Provided data
BEGIN

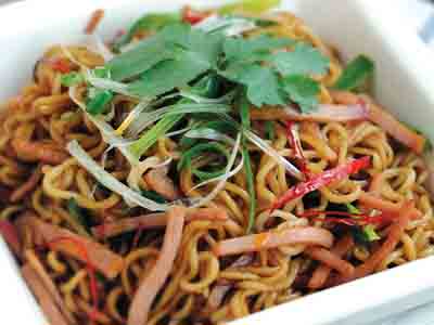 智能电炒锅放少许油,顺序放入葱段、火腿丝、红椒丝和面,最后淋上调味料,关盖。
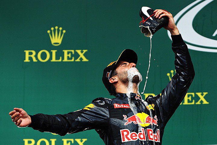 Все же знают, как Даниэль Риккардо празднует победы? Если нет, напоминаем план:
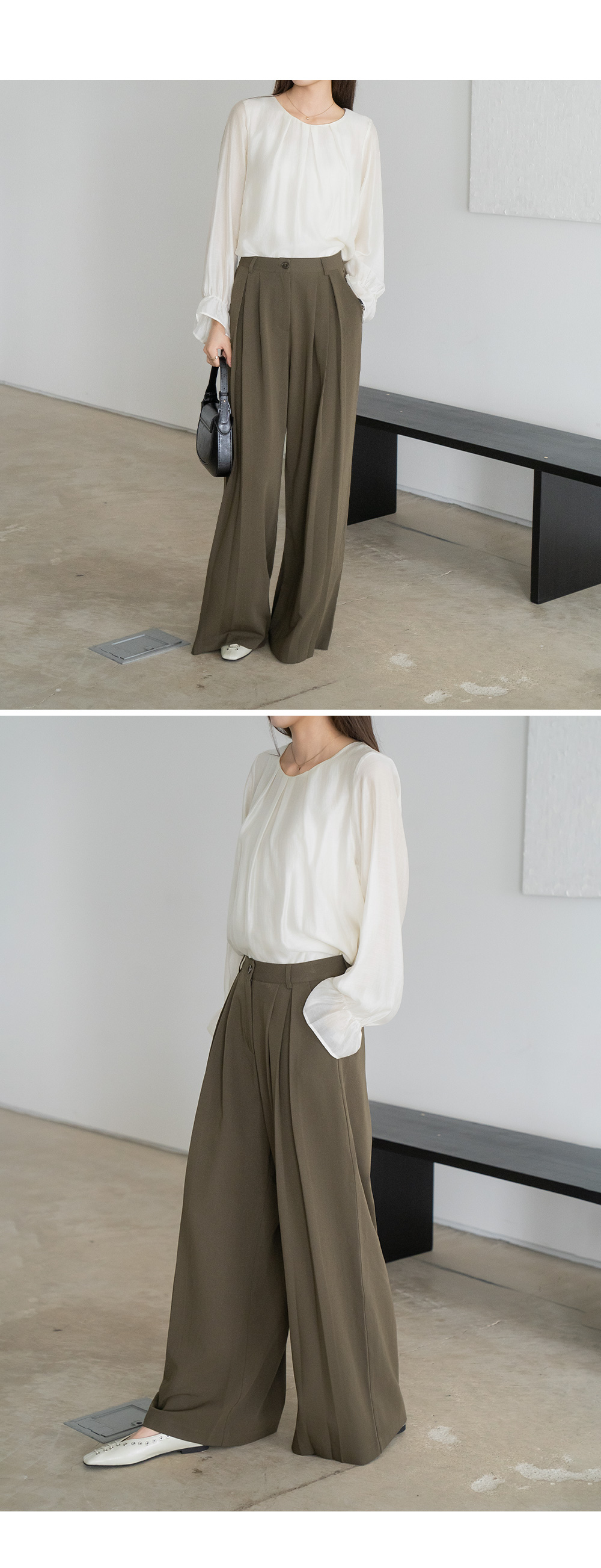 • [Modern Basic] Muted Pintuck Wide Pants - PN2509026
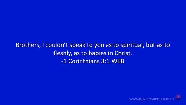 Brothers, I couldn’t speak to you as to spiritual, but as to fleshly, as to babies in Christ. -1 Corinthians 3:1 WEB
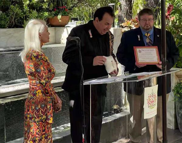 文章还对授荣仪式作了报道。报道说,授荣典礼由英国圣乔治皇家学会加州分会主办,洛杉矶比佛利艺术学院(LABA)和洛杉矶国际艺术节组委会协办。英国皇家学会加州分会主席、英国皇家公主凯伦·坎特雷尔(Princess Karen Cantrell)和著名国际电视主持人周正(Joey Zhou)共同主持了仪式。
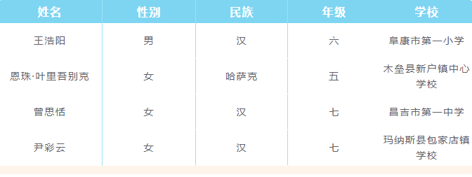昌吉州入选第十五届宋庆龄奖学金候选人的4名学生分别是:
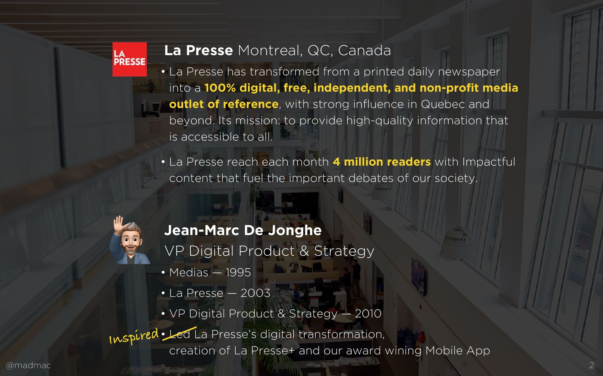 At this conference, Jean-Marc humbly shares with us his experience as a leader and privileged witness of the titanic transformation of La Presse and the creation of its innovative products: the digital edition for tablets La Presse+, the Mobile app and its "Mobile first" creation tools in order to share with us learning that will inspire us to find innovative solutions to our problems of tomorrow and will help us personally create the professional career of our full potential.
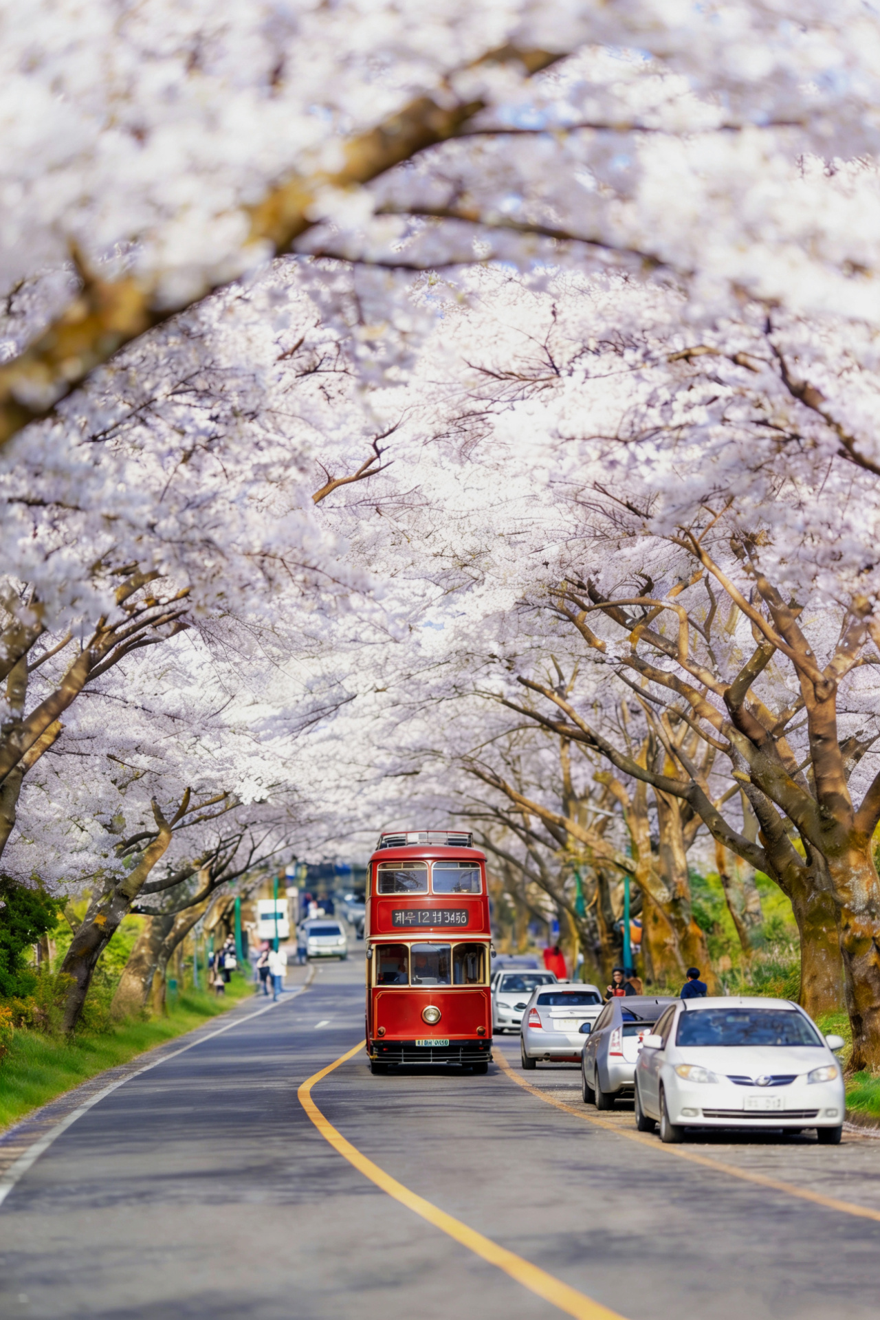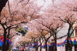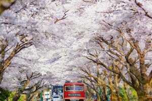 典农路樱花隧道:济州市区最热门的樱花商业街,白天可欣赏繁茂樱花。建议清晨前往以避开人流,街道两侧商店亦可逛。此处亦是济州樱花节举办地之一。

END

Description of the task
The output must be every line of the records, printed exactly, with the pictures omitted.

Output for this exercise
 智能电炒锅放少许油,顺序放入葱段、火腿丝、红椒丝和面,最后淋上调味料,关盖。
 Все же знают, как Даниэль Риккардо празднует победы? Если нет, напоминаем план:
 • [Modern Basic] Muted Pintuck Wide Pants - PN2509026
 Brothers, I couldn’t speak to you as to spiritual, but as to fleshly, as to babies in Christ. -1 Corinthians 3:1 WEB
 文章还对授荣仪式作了报道。报道说,授荣典礼由英国圣乔治皇家学会加州分会主办,洛杉矶比佛利艺术学院(LABA)和洛杉矶国际艺术节组委会协办。英国皇家学会加州分会主席、英国皇家公主凯伦·坎特雷尔(Princess Karen Cantrell)和著名国际电视主持人周正(Joey Zhou)共同主持了仪式。
昌吉州入选第十五届宋庆龄奖学金候选人的4名学生分别是:
 At this conference, Jean-Marc humbly shares with us his experience as a leader and privileged witness of the titanic transformation of La Presse and the creation of its innovative products: the digital edition for tablets La Presse+, the Mobile app and its "Mobile first" creation tools in order to share with us learning that will inspire us to find innovative solutions to our problems of tomorrow and will help us personally create the professional career of our full potential.
 典农路樱花隧道:济州市区最热门的樱花商业街,白天可欣赏繁茂樱花。建议清晨前往以避开人流,街道两侧商店亦可逛。此处亦是济州樱花节举办地之一。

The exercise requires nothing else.